To construct an Equilateral Triangle upon a given Line. Let AB be the given Line; Take this Line in the Compasses; set one foot in A and draw an Arch above the middle of the Line, and do the same from B … two lines drawn from A, B to the intersection of the Arches in C will be the equilateral Triangle ACB.
These lines come from the geometry copybook of a boy named Thomas Porcher. It’s about 61/2 inches by 91/2; it’s bound in green card. It has more than 200 pages, so it’s quite a chunky volume. Thomas wrote it around 1770.
Figure 1. Thomas Porcher constructs an equilateral triangle.
What was it like to learn geometry in Georgian England? It depended very much on who you were and what you were – and hence on why you were learning it in the first place. In this article we’ll look at two examples which show some of the differences between different approaches. But the two young men concerned had one thing in common, at least: they both prepared geometrical copy-books containing a record of what they learned and how they learned it, enabling us to reconstruct something of their geometrical education.
Thomas Porcher was about 14 at the time he wrote his copy-book; he was born in 1756 (the same year as Mozart). His book is a remarkable feat of penmanship: neat, meticulous, and accurate, it must have taken many long hours to do. Porcher’s was a fairly prosperous family, it seems, in Walworth, near London, England.
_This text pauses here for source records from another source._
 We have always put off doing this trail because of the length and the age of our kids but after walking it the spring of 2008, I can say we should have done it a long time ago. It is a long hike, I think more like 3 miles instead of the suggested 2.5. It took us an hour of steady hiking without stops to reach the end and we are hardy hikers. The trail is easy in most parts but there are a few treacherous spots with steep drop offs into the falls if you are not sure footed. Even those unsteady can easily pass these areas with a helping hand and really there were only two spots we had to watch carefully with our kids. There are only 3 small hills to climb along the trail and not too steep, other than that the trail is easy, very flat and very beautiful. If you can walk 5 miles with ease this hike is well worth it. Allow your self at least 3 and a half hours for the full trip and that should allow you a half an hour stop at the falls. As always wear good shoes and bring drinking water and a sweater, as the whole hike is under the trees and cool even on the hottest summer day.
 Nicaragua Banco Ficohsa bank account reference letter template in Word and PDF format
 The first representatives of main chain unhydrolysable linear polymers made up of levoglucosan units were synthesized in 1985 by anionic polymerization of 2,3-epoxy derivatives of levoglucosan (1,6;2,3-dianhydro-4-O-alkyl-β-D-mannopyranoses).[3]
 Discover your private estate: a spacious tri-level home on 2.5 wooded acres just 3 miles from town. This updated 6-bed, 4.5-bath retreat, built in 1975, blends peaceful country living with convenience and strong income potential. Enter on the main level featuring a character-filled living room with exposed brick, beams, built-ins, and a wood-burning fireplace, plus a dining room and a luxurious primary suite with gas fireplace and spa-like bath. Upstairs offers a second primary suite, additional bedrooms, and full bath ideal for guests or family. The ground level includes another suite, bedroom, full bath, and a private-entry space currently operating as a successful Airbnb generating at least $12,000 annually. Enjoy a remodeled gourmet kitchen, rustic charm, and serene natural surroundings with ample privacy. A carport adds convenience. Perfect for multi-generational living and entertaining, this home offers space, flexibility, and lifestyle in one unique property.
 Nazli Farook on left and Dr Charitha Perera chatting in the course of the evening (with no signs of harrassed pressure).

We don’t know much about them, though one of Thomas’s sons, Samuel, would make good in the New World: by 1811 he owned a plantation in South Carolina, which he named Walworth after his family’s home in England. Porcher Avenue in Eutawville, South Carolina was named after the family.
Thomas was probably learning geometry with a tutor. This tidy book isn’t the kind of product that would normally have been created in a school setting, where a bit more chaos usually seems to have ruled.